# Showtime vs Orbit



## grasshopper (Aug 12, 2008)

Hi all,

I'm looking at subscribing to a pay tv package through du over the next couple of months and was wondering what the difference in content is between Showtime and Orbit and specifically, which of the two has better NBA and Premier League coverage (I'd ask about Australian rules football too, but I have a suspicion that each is bad as the other!).

Thanks!


----------



## alli (Mar 6, 2008)

Dont use du for the love of god!

it took them 2 months to install my tv.... they didn't come when they said they would.... Didn't ring us, to tell us or anything
Worst customer service I have ever experienced


----------



## bubble_boy (May 28, 2008)

If you wan tsport. Showtime is the one to go for. 

I will be downgrading from showtime to orbit in the next month. Perhaps even just go on du basic package. Television here is pretty crap. Lots of reruns, and I am talking morning, afternoon and evening ... And there is not really much to watch. We used to watch a lot of tv back home. Now were just downloading stuff. Much easier on the schedule.


----------



## grasshopper (Aug 12, 2008)

Thanks! I think for most of my tv-tv, i.e. series, movies etc I'll rely on downloads. I was mainly looking at the pay tv for the sport and news.


----------



## Sam75 (Jul 2, 2008)

Showsports has AFL. Saw a live game the other day - Bombers v Crows. Think there is a highlights show on Monday evenings.


----------



## apollo99 (Apr 2, 2008)

Hi, guys. You were talking about series and movie downloads. With a lot of torrent downloads banned, what specific sites do you use for downloading? Thanks.


----------



## bubble_boy (May 28, 2008)

Apollo99. There are various sites. Rapidshare for one, and you get full speed downloads. you do however have to pay a fee for membership. But its negligible for what and how much you download. 
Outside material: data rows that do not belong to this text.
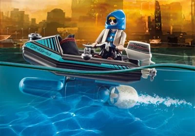 – Spielefigur Kunsträuber mit Schlauchboot und Außenbordmotor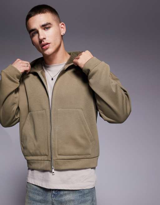 ASOS DESIGN oversized dropped shoulder cropped zip through hoodie with borg lining in khaki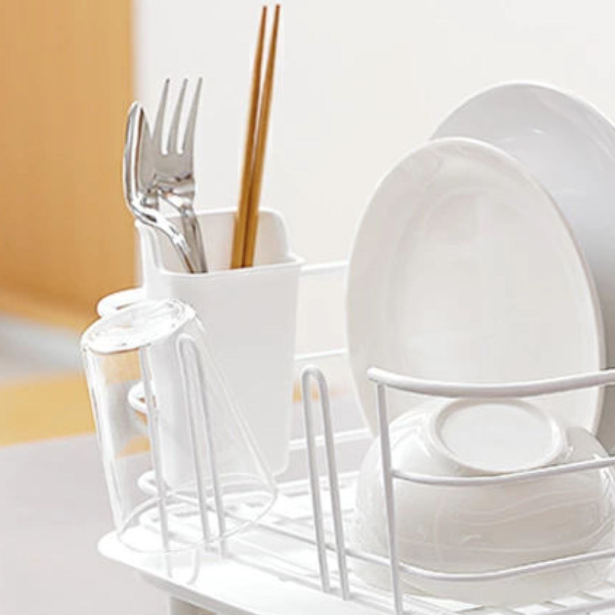 コップやグラス、マイボトルなど水切りできるコップホルダー付きです。2本のバーでコップを同時に2個掛けられます。

I personally use torrents because they're easy to find. there are a few sites still open. Just do a search for torrent search engines. I am not gonna post the links here, cause I am a paranoid git.  And don't want them to block it.


----------



## Iron Horse (Apr 10, 2008)

You'll be in a bit of a dilemma between the two because with one package you'll receive plenty of EPL, Cricket, and Aussie Rules. The other will have the NBA. I have Showtime and just live with the repeats. The Orbit package isn't bad, but I don't believe you'll see the amount of sports you may desire. It's a flip of the coin. Best of luck.


----------



## liquid8urn (Oct 7, 2008)

*Lost Season 5 in Dubai?*

Which channel hosts the series of Lost? Anyone know if the Season 5 premiere on 21st January will be shown over there? Thanks


----------



## MeNotYou (May 20, 2009)

Somewhat related issue. What if any is the difference between showtime (form showtime) and showtime from du. I've heard du censors and edits movies, and plays lots of commercials? is that true? what other differences. Which would you recommend?


----------



## MeNotYou (May 20, 2009)

oh thanks in advance


----------



## MeNotYou (May 20, 2009)

*showtime or du*

What if any is the difference between showtime (form showtime) and showtime from du. I've heard du censors and edits movies, and plays lots of commercials? is that true? what other differences. Which would you recommend?

Thanks in advance


----------



## Mr Rossi (May 16, 2009)

liquid8urn said:


> Which channel hosts the series of Lost? Anyone know if the Season 5 premiere on 21st January will be shown over there? Thanks


Lost is on Showtime, think it is S05 running at the moment too.


----------



## basimoli (Feb 13, 2009)

Is there a restriction on putting up a satellite dish in the Emirates Hills area? I am thinking of getting Showtime but the advice I am getting is to avoid using the tv package from Du because of the inability to record programs.

Thanks


----------



## Jockvdv (Oct 2, 2008)

And I have a few numbers of guys who can do the Randburg installation - if the Saffa's get my drift # 201

Cheers
J


----------